The fire crackled loudly and Anna turned over, missing Gudrun, wishing she’d learned more from her about her mother’s family. As it was, Anna knew very little—only that Sigrid had been sent from her homeland to wed the foreign laird who’d been Anna’s father.
Gudrun said her mother had come to love the man she’d married and had sorely grieved for Laird Kearvaig when he’d died. And when Sigrid had passed away delivering MacDuffie’s child, he’d become despondent.
Aye,
she scoffed. Marriage was a wondrous thing.

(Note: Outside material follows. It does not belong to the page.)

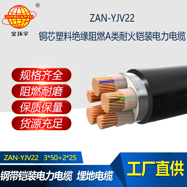 ZAN-YJV22電纜:銅芯交聯(lián)聚乙烯絕緣聚氯乙烯護(hù)套鋼帶鎧裝A類阻燃耐火型電力電纜,
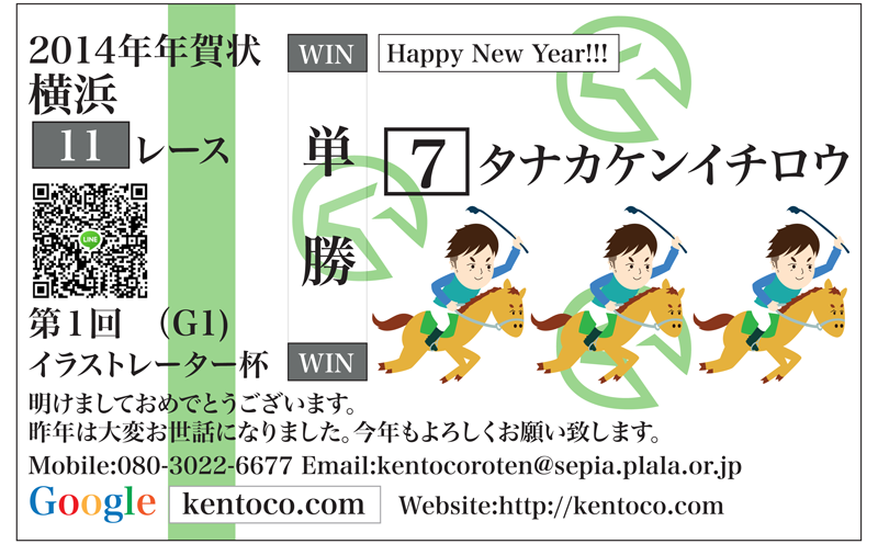 来年は馬年ですね。オリジナル年賀状を作りました。

She looked over at Kyla and wondered what would happen with Birk. Kyla had wed him thinking ’twould be so much better than living in Kilgorra Keep and serving the laird and his daughter.
As everyone on Kilgorra knew, Kyla had been wrong.
Anna wished there was something she could do for her friend beyond rescuing her every time Birk got drunk and lit into her. Tomorrow or the day after, when Birk had finished his drinking bout, his head would be splitting, and he would be all apologies and regret.
For that was how it always went. From vicious drunkenness to pitiful repentance. ’Twas not how marriage should be, though any illusions Anna had ever had about the institution had long since died. And yet . . .
A new, intensely warm and shivery feeling came over Anna when she thought again of Lachann, though this time it had naught to do with his handling of Birk.